Il a joué un rôle similaire plusieurs mois plus tard lorsque, au milieu du choc public qui a suivi les attentats terroristes du 11 septembre 2001 et la peur de l'anthrax, Bolton a saboté à lui seul une réunion de l'ONU visant à élaborer un protocole de vérification international destiné à donner du mordant à un traité. sur les armes biologiques.
Lorsqu'il eut fini, il aurait dit à ses collègues : « C'est mort, mort, mort, et je ne veux pas qu'il revienne d'entre les morts. »
Au sein de l’État, Bolton a mené la campagne visant à renoncer à la signature américaine du Statut de Rome de 1998 qui a créé la nouvelle Cour pénale internationale (CPI), le premier tribunal permanent compétent pour connaître des crimes de guerre, des crimes contre l’humanité et du génocide.
Lorsque Bush a décidé de retirer la signature américaine du traité, Bolton a convaincu Powell de lui permettre de signer la notification officielle à Annan, un acte qu'il a décrit plus tard au Wall Street Journal comme « le moment le plus heureux de mon service gouvernemental ».
Dans le même temps, Bolton était également engagé dans une longue dispute avec les agences de renseignement américaines au sujet de son accusation publique selon laquelle Cuba avait un programme offensif de guerre biologique. Son affirmation est devenue embarrassante après que des responsables anonymes du renseignement et des officiers supérieurs de l’armée à la retraite, dont l’ancien chef du Commandement Sud des États-Unis, ont déclaré aux médias qu’aucune preuve de ce type n’existait et ont accusé Bolton de politiser le renseignement.
En juillet 2003, Bolton était sur le point de témoigner devant le Congrès que les prétendus programmes syriens visant à développer des armes de destruction massive s'étaient développés à un point tel qu'ils menaçaient la stabilité régionale, une affirmation qui aurait provoqué une « révolte » de la part des États-Unis. des analystes du renseignement, qui ont insisté sur le fait que les preuves ne justifiaient pas une telle conclusion.

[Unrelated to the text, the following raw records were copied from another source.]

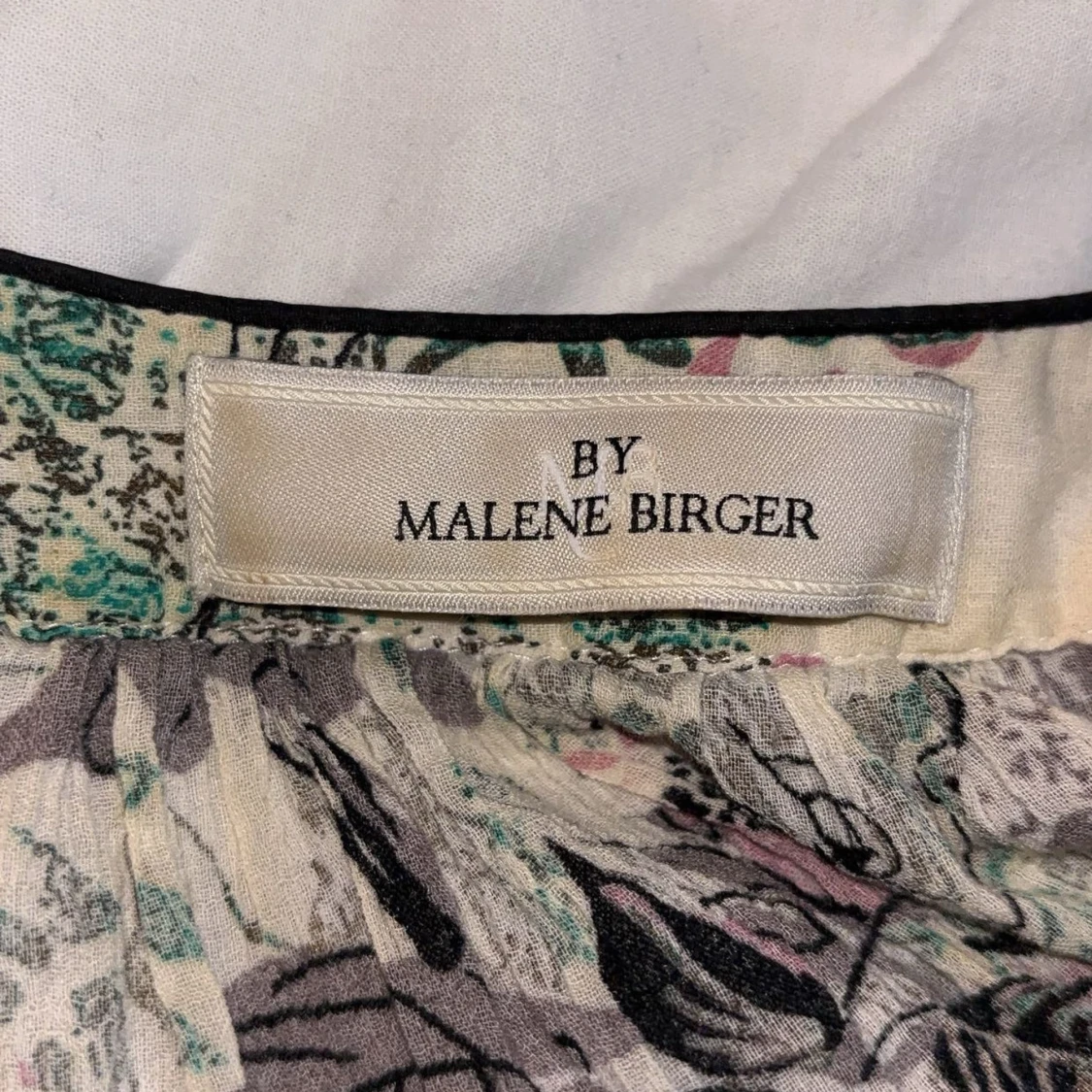 En blus ifrån By Malene Birger. Andvänd en gång och säljer då den inte kommit till andvänding. Blusen är i storlek 36 och har en v-ringad design och knytband i midjan💞
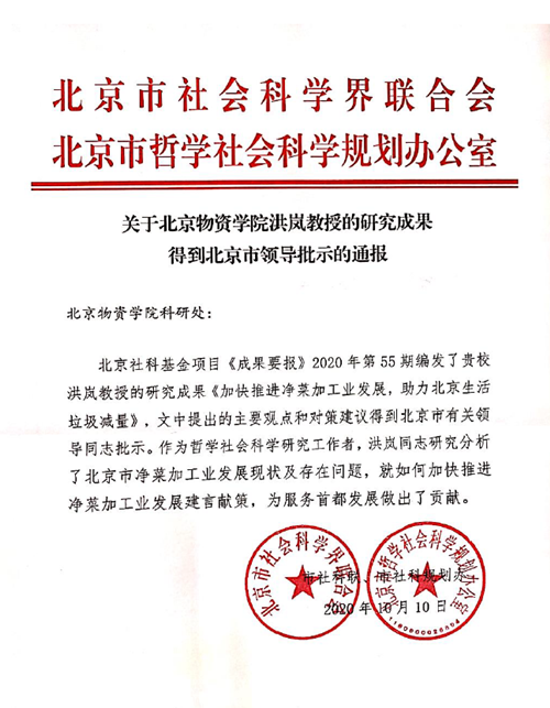 2020年10月10日,洪岚教授在《加快推进净菜加工业发展,助力北京生活垃圾减量》中提出的主要观点和对策建议得到了北京市有关领导同志批示。作为哲学社会科学研究工作者,洪岚同志研究分析了北京市净菜加工业发展现状及存在问题,就如何加快推进净菜加工业发展建言献策,为服务首都发展做出了贡献。
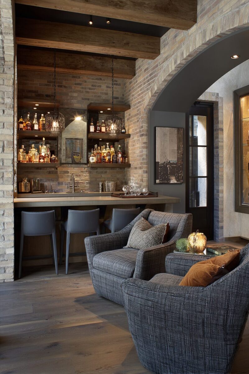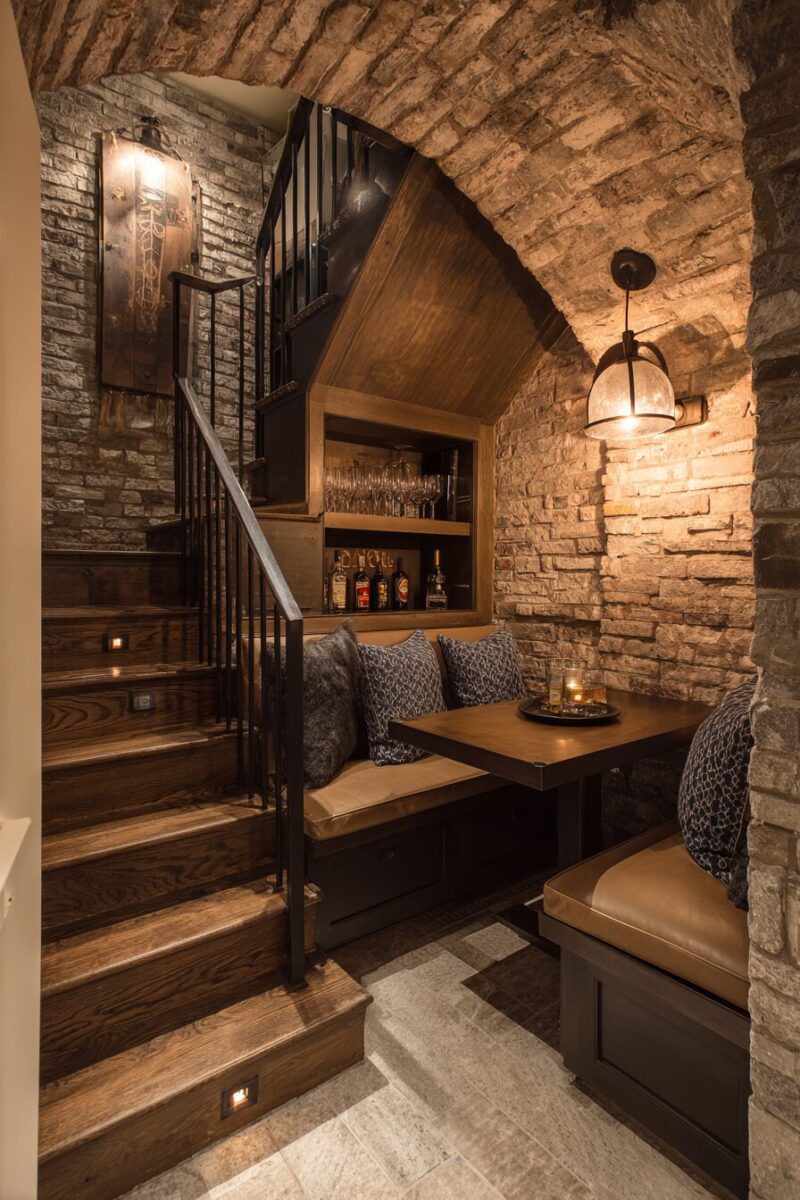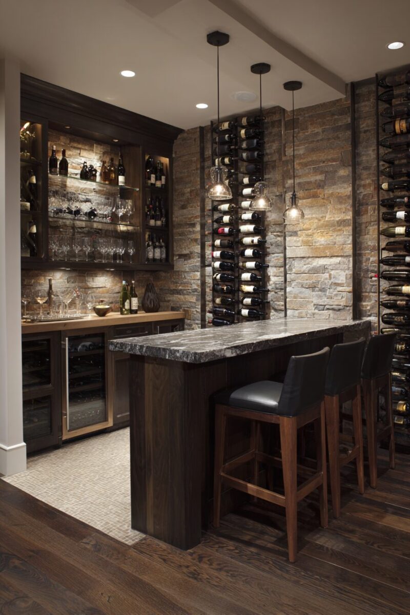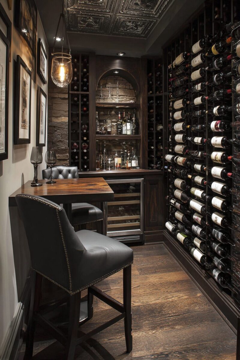 If your walls are standard drywall, adding stone veneer or reclaimed wood paneling creates that old-world wine cellar atmosphere.
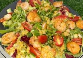 Вкусный королевский салат c креветками, кальмарами, крабовыми палочками, рисом и яичными белками непременно понравится любителям вкусных и не сложных в приготовлении блюд.
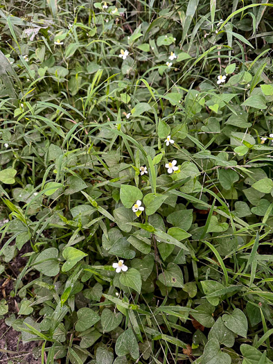 Chameleon-plant has heart-shaped leaves with impressed nerves. The flowers stand above the leaves, composed of a dense short spike of stamens and ovaries, subtended by 4 white petal-like bracts. This from Vascular Plants of North Carolina.
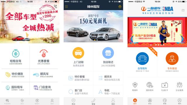 在此不得不说三者支付的差异,首汽租车引导用户进行门店支付,一嗨租车供用户自行选择在线支付或门店支付(预想用户门店支付较多),而神州租车需要至少支付部分预付订单,一方面检验用户成功订单的有效性,另一方面企业能提前收到相应的预付款,便于企业资金周转。
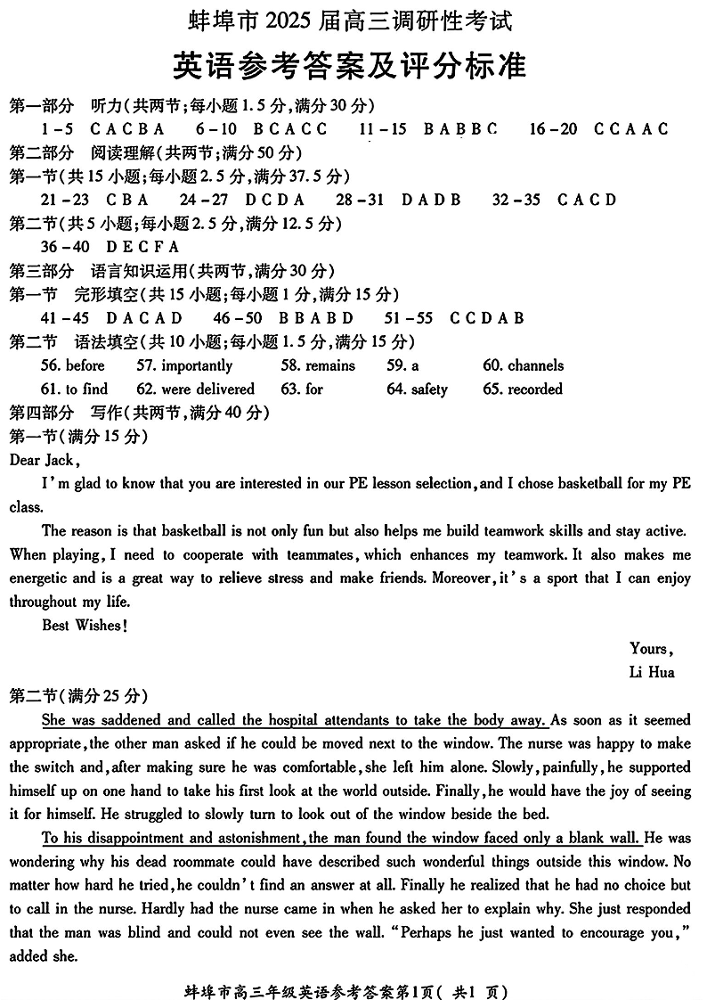 安徽省蚌埠市2025届高三年级上学期8月调研性考试+英语答案

Powell se plaignait fréquemment auprès de ses plus proches collaborateurs que Bolton le sous-cotait et semblait recevoir des ordres de Cheney et du Pentagone, plutôt que de ses supérieurs au Département d’État.
Dans un discours prononcé à Séoul le même mois, par exemple, au moment même où Pyongyang acceptait d'entamer des négociations multilatérales sur son programme nucléaire comme l'avait demandé son administration, Bolton a décrit la vie en Corée du Nord comme un « cauchemar infernal » et a accusé son dirigeant, Kimg Jong Il, d'avoir été un « dictateur » ou un « tyran » dirigeant une « dictature » ou une « tyrannie » pas moins d'une douzaine de fois.
Certains analystes américains et asiatiques ont déclaré que le discours semblait destiné à inciter Kim à boycotter la réunion. En effet, les médias nord-coréens ont qualifié Bolton de « racaille humaine grossière » et de « vampire assoiffé de sang » et ont exigé qu'il soit retiré de la délégation qui devait prendre part aux pourparlers.
Bolton ne s'est pas présenté. Mais si Bush parvient désormais à ses fins, il se retrouvera bientôt au cœur de toute la diplomatie multilatérale américaine. (FIN/2005)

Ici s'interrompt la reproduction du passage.